Work to be completed
Nothing but the pictures is dropped; write out all the remaining data below exactly.

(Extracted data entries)
====
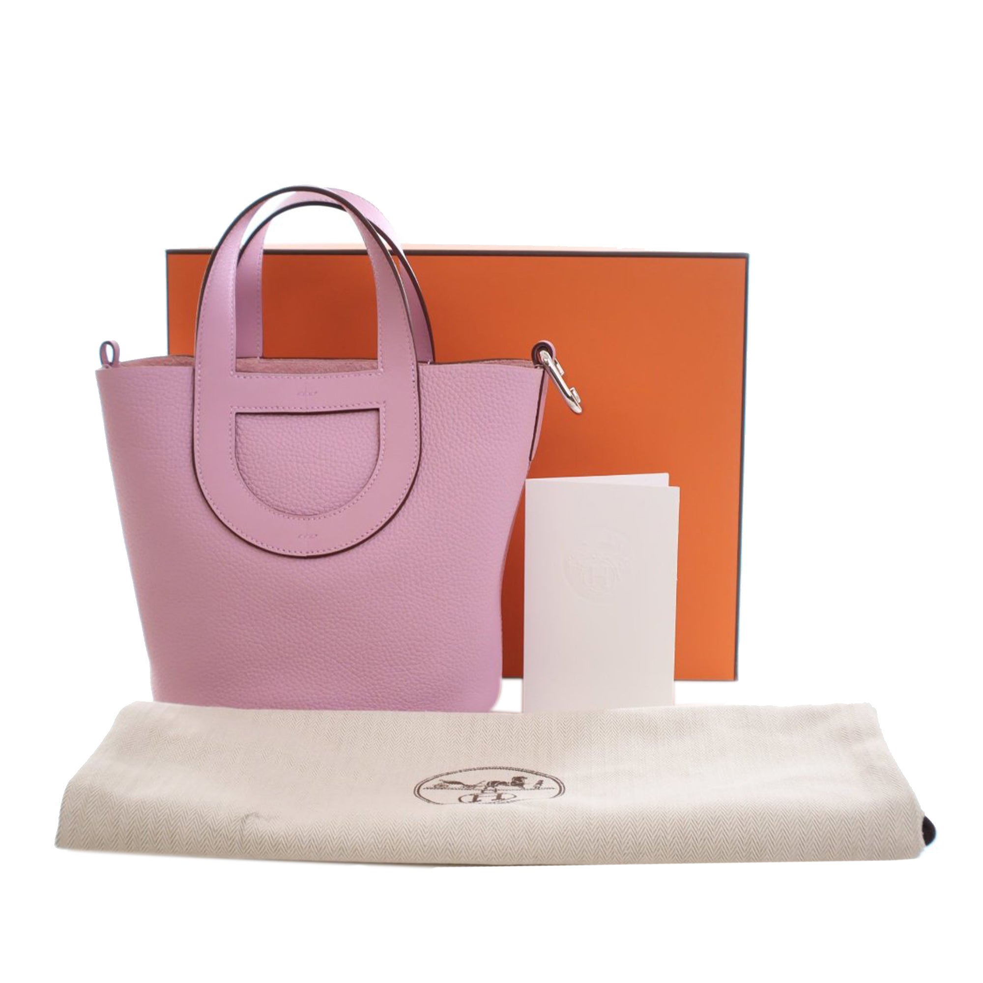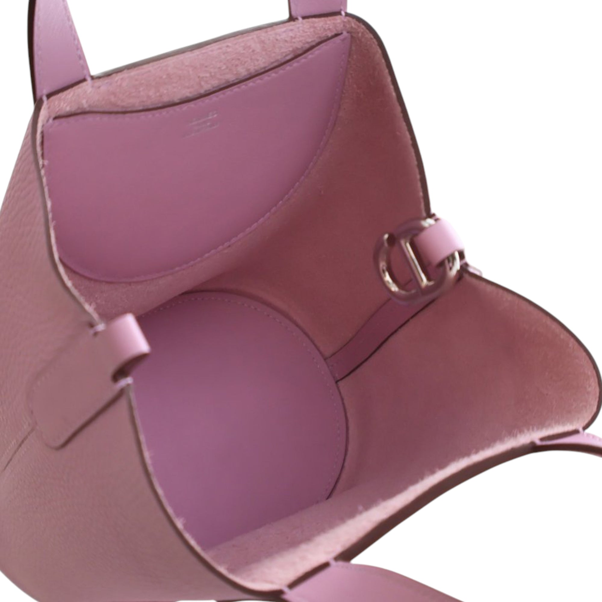 This handbag features a Clemence and Swift leather body in Mauve Sylvestre color, flat leather handles, an open top with hook closure, and an interior slip pocket. Inclusion: Dust bag, box. Retail Price: 5250.00
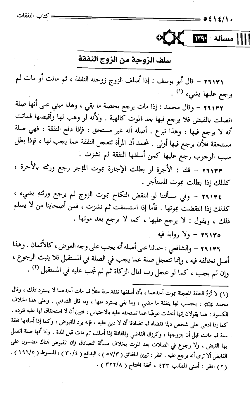 26131 - قال أبو يوسف: إذا أسلف الزوج زوجته النفقة، ثم ماتت أو مات لم يرجع عليها بشيء.
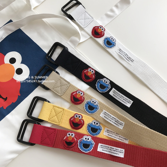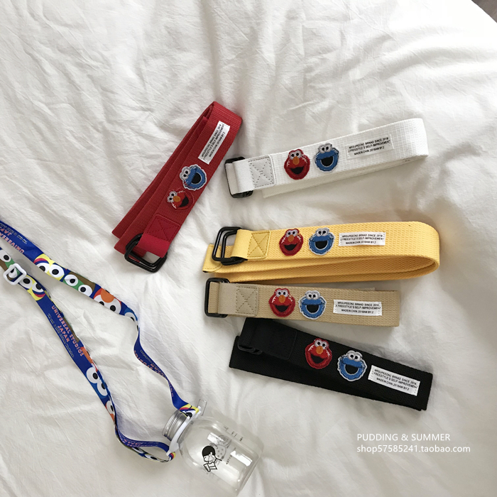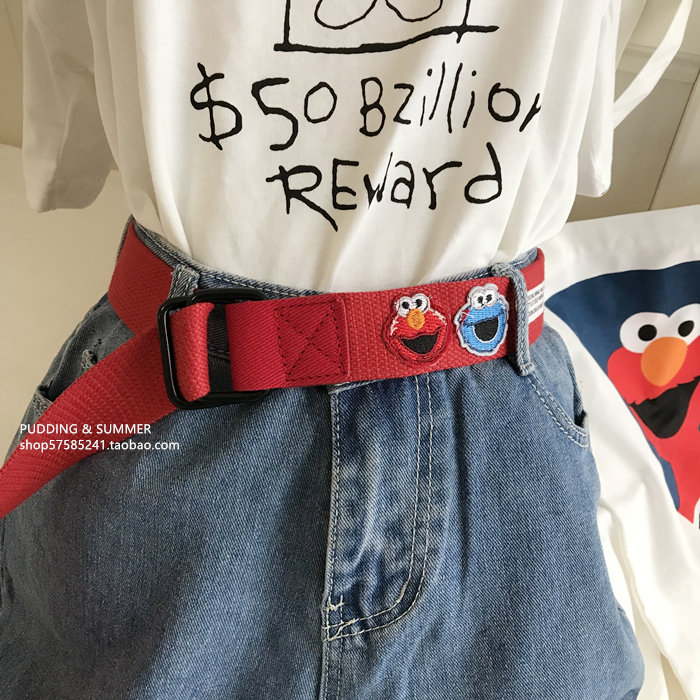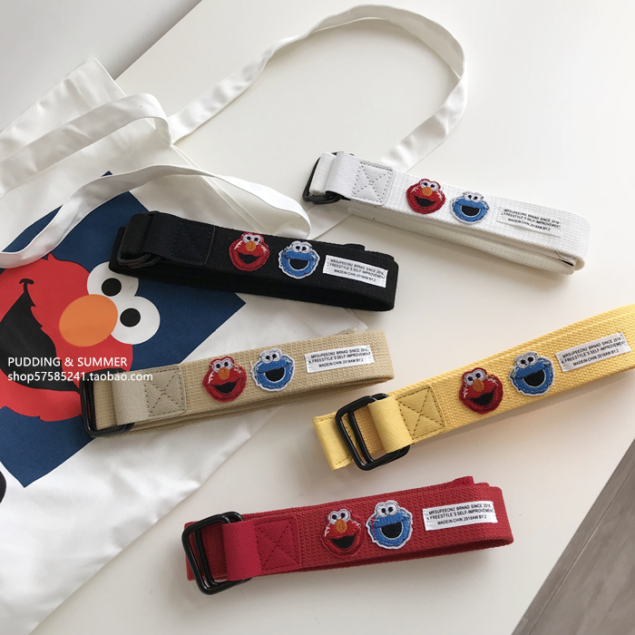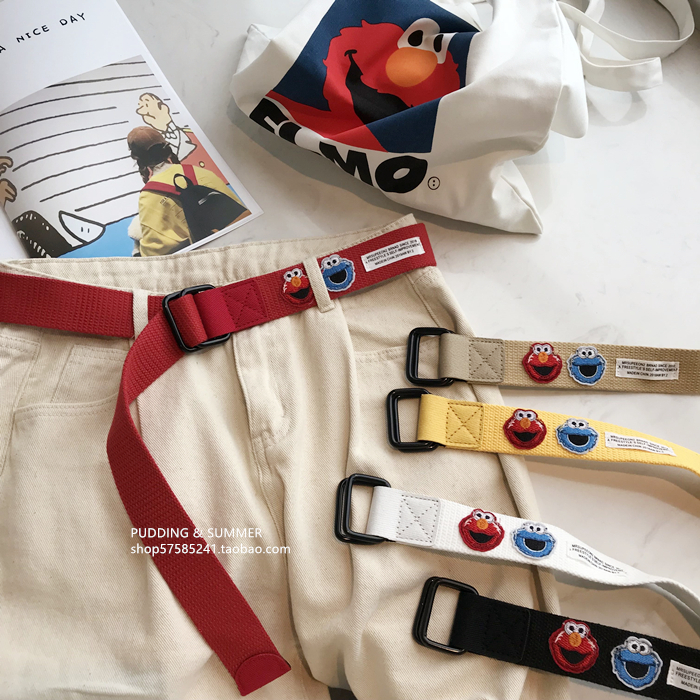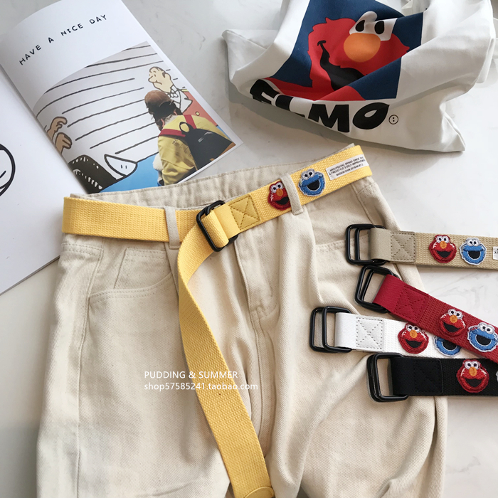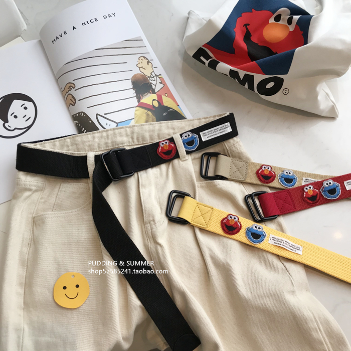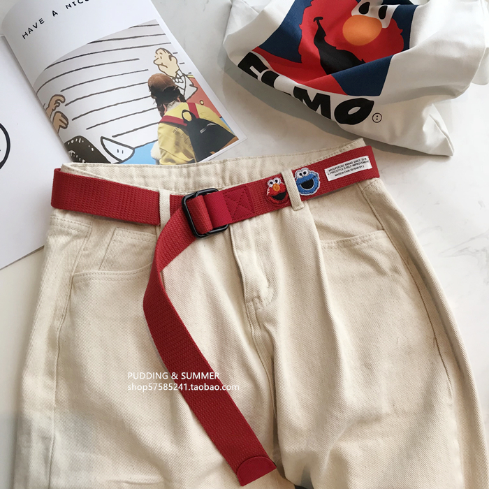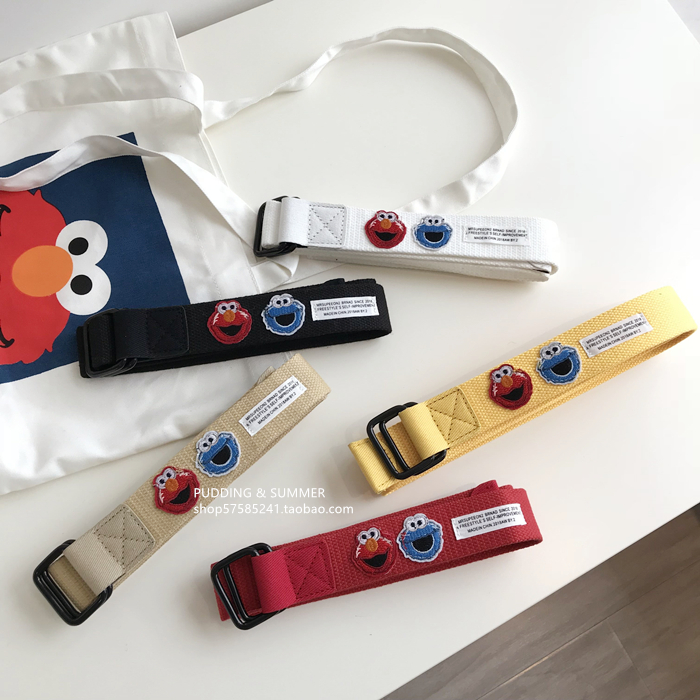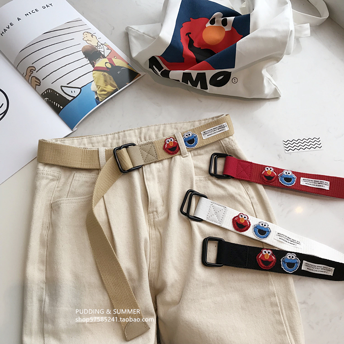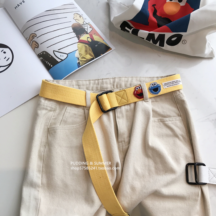 韓國ins風芝麻街卡通可愛原宿帆布腰帶學生牛仔褲休閑褲帶雙環扣1入
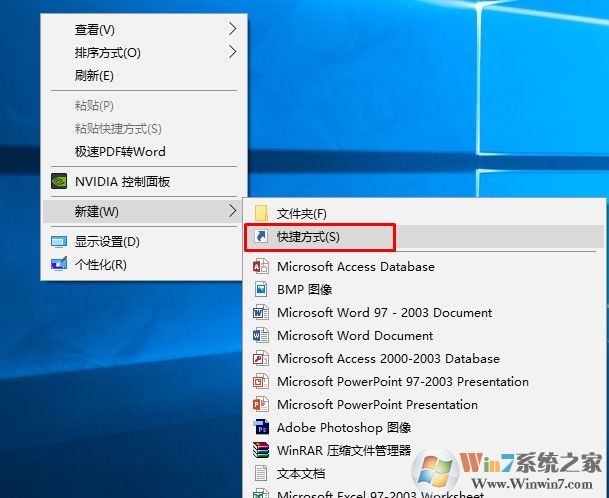 1.开机进入系统桌面,在桌面上右键空白处,点击新建选择“快捷方式(S)”,进入下一步操作。如下图所示
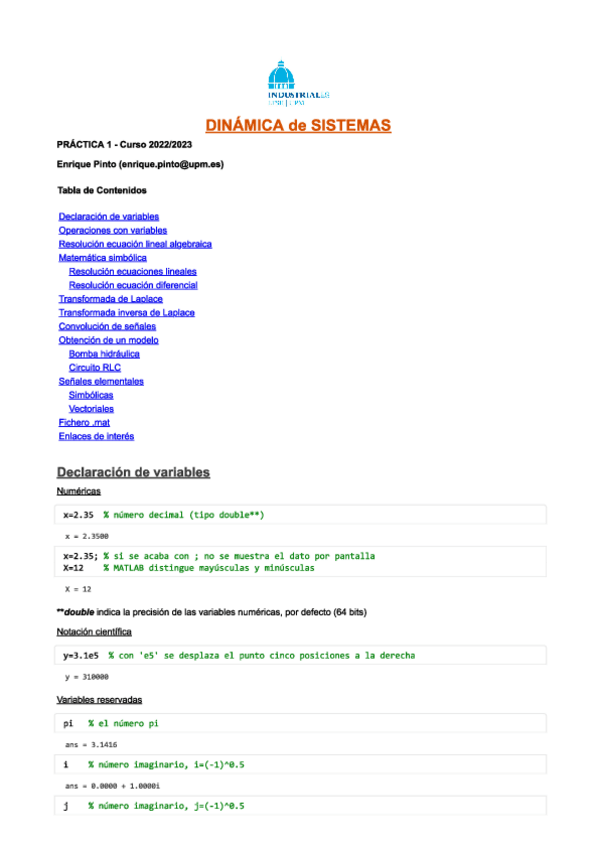 He publicado nuevos practicas de 2º Dinámica de Sistemas: Practica1Matlab.pdf
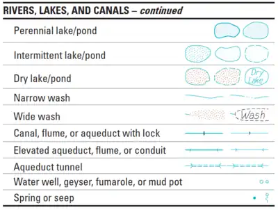 The rendering for a mainly dry watercourse in Geoscience Australia topographic maps is similar.
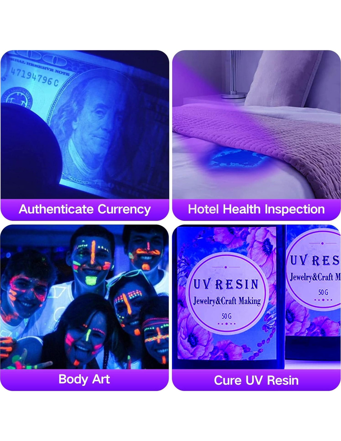 - Uso: Detección de orina de mascotas, encontrar escorpiones difíciles de localizar, curar resina UV, inspección de limpieza de baño/hotel, encontrar chinches, encontrar gusanos del tomate, detección de fugas, verificación de ID/moneda, inspección de vidrio de uranio, para luminiscencia de material luminoso, detección de tiña en gatos, curar esmalte de uñas
====
Exercise response
 This handbag features a Clemence and Swift leather body in Mauve Sylvestre color, flat leather handles, an open top with hook closure, and an interior slip pocket. Inclusion: Dust bag, box. Retail Price: 5250.00
 26131 - قال أبو يوسف: إذا أسلف الزوج زوجته النفقة، ثم ماتت أو مات لم يرجع عليها بشيء.
 韓國ins風芝麻街卡通可愛原宿帆布腰帶學生牛仔褲休閑褲帶雙環扣1入
 1.开机进入系统桌面,在桌面上右键空白处,点击新建选择“快捷方式(S)”,进入下一步操作。如下图所示
 He publicado nuevos practicas de 2º Dinámica de Sistemas: Practica1Matlab.pdf
 The rendering for a mainly dry watercourse in Geoscience Australia topographic maps is similar.
 - Uso: Detección de orina de mascotas, encontrar escorpiones difíciles de localizar, curar resina UV, inspección de limpieza de baño/hotel, encontrar chinches, encontrar gusanos del tomate, detección de fugas, verificación de ID/moneda, inspección de vidrio de uranio, para luminiscencia de material luminoso, detección de tiña en gatos, curar esmalte de uñas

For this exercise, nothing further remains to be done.